Human beings being what they are, there was soon a lot of insidious stuff developed to stick under the covers.  First, the Search Engine Optimizers (SEOs) moved in to make sure that their clients’ sites moved higher in the search rankings—consumers thought they were getting an unvarnished listing of search results ranked by linkages, but instead (with the active connivance of Google which holds seminars for SEOs) the fix has long been in.  (The Chinese disaster is only the most visible example of manipulated search results—do you really believe that the biggest advertisers aren’t getting premium placement in the search results as well?) Cookies were set everytime you showed up at most web sites—they can be stopped, but you’ve got to go through some rigamarole and some sites won’t work correctly without them.  Your Internet address was recorded, along with your pageviews, and until users rose up in opposition, privacy was non-existent. 

However, since most consumers paid for their own operating systems, and accessed the web through networks that they controlled in some way, it was still possible—though none too easy—to opt out of the tracking systems and thwart the efforts of the marketers to reach down into your family history to find out more about you. A handful of software programs help sanitize your system of these pernicious intrusions, but you have to make an effort.  Contrast this to the default situation in the broadcast world where there is no back channel whatsoever—isn’t this what “opt-in” should mean?

The trouble is going to come when the web’s interactivity meets “free” networks that are built on top of a metrics based view of the world.  This is the model for the “location based services” like Loki and Plazes, all vying to deliver data for the new Wi-Fi networks being planned for metro areas.  There will be blankets of wireless coverage available anywhere your device can fire up.  This is being hailed as some panacea by a wave of web commentators who are enamored of a socialist vision of broadband for the masses, weighted down by too many digital devices, and afflicted with a myopia for its consequences. 

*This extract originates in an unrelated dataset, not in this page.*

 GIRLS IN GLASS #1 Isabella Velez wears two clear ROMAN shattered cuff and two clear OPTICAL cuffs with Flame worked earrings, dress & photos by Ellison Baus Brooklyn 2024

In exchange for getting the “free” services you’ll be peppered with ads, especially for local businesses who’ve ponied up money.  Everything you do will be tracked, and mined, and recorded.  Want to opt out of all the tracking and “metrics” that the network providers are going to be selling to the advertisers?  Good luck.  Remember who is going to be supplying you with the wireless bandwidth.  Advertisers.  Opt out of their game, and there’ll be no services. 

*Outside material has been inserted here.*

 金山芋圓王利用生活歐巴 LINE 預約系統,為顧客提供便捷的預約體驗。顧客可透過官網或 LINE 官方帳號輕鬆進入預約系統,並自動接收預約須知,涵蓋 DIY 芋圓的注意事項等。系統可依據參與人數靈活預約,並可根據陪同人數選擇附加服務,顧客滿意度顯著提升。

Personally, I don’t want some HAL-like voice welcoming me back to the Google San Francisco Wi-Fi network and asking if I enjoyed that pizza I ordered last time I was on the network and would I like to know where I can get one just like it nearby.  I find this intrusive, and unhelpful.  And while we’re at it, I really don’t want to add my metrics to anyone’s marketing statistics.  And I don’t want you to know what film clips I’ve watched at YouTube.  And I don’t think that Google should be able to sell its ads for pizza parlors by telling them that I had a roasted garlic and chicken pie last week.

It is one thing to see a Nike ad that is aimed at all consumers;  it is entirely another order of hideous to have to fight through dozens of ads that are crafted to echo some tiny part of my life.  Imagine the intrusions of telemarketing brought to the Internet by all the smarts of legions of web monkeys.  Am I the only person in the country who doesn’t want to be bombarded with brain dead ads, commercial dreck, and services that I don’t want?

How about a “Just Say No” movement.  It’s time to stand up for something.